» WHAT TO PRODUCE
Every line below from the one with "The aerial view" through the one with "Wake up to JBL" should be retyped exactly, both ends included; no other lines and no pictures.

== DATA RECORDS ==

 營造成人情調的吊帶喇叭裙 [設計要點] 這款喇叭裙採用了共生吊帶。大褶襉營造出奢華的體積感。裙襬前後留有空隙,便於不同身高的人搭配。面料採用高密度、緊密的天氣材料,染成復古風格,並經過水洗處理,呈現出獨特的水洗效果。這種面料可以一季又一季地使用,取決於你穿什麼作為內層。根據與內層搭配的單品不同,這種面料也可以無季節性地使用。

===
== DATA RECORDS ==

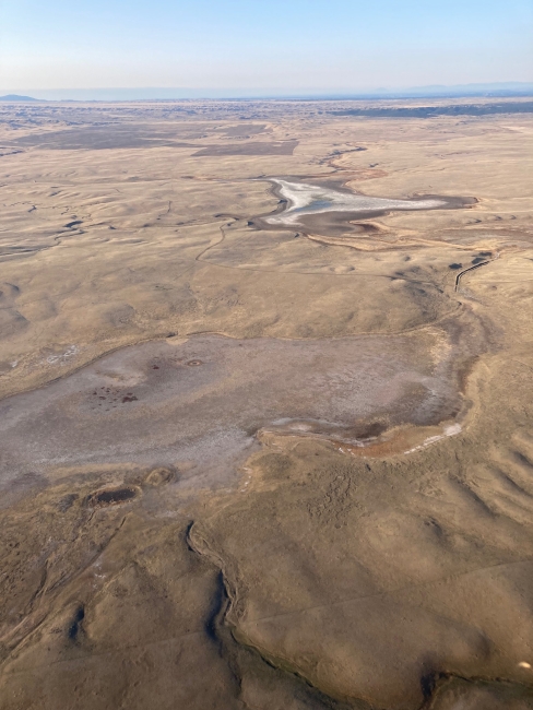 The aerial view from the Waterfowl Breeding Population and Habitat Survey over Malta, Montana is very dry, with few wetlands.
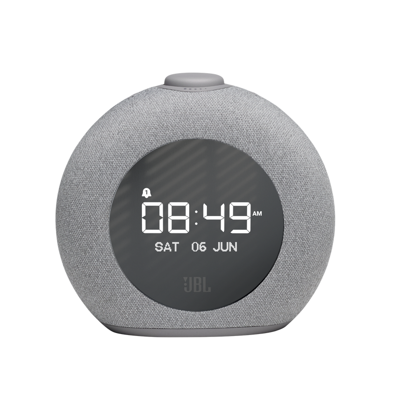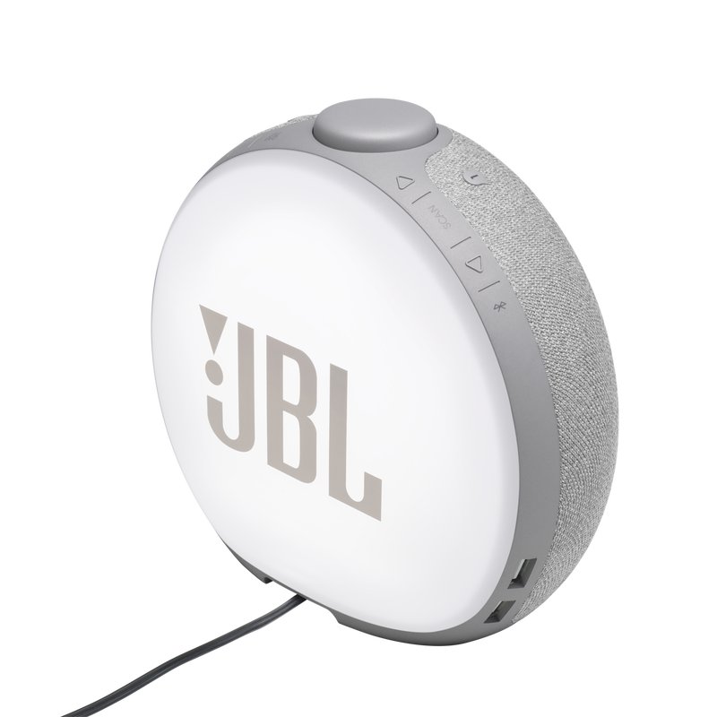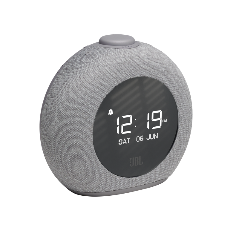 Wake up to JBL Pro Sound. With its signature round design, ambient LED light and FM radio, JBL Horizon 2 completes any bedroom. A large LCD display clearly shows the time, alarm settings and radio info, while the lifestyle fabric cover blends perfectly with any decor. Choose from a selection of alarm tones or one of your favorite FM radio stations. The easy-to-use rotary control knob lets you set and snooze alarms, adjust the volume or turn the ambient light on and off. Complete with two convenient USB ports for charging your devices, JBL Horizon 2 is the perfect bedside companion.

===
== DATA RECORDS ==

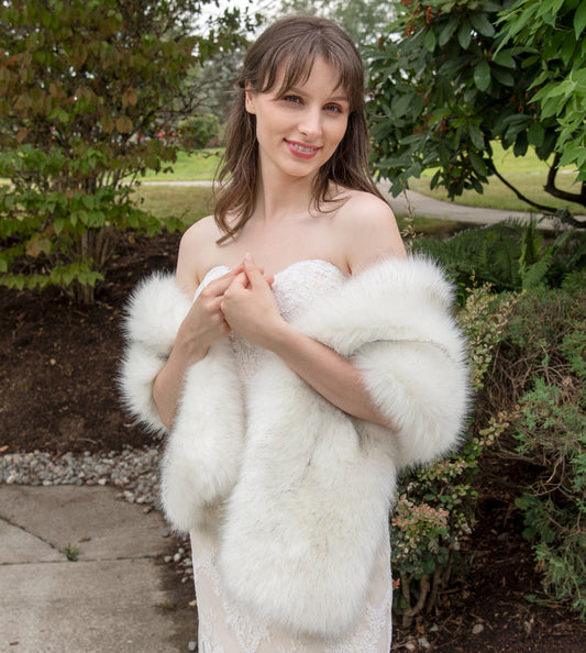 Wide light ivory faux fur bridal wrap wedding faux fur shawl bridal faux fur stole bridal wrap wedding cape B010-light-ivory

===

» COMPLETED EXERCISE
 The aerial view from the Waterfowl Breeding Population and Habitat Survey over Malta, Montana is very dry, with few wetlands.
 Wake up to JBL Pro Sound. With its signature round design, ambient LED light and FM radio, JBL Horizon 2 completes any bedroom. A large LCD display clearly shows the time, alarm settings and radio info, while the lifestyle fabric cover blends perfectly with any decor. Choose from a selection of alarm tones or one of your favorite FM radio stations. The easy-to-use rotary control knob lets you set and snooze alarms, adjust the volume or turn the ambient light on and off. Complete with two convenient USB ports for charging your devices, JBL Horizon 2 is the perfect bedside companion.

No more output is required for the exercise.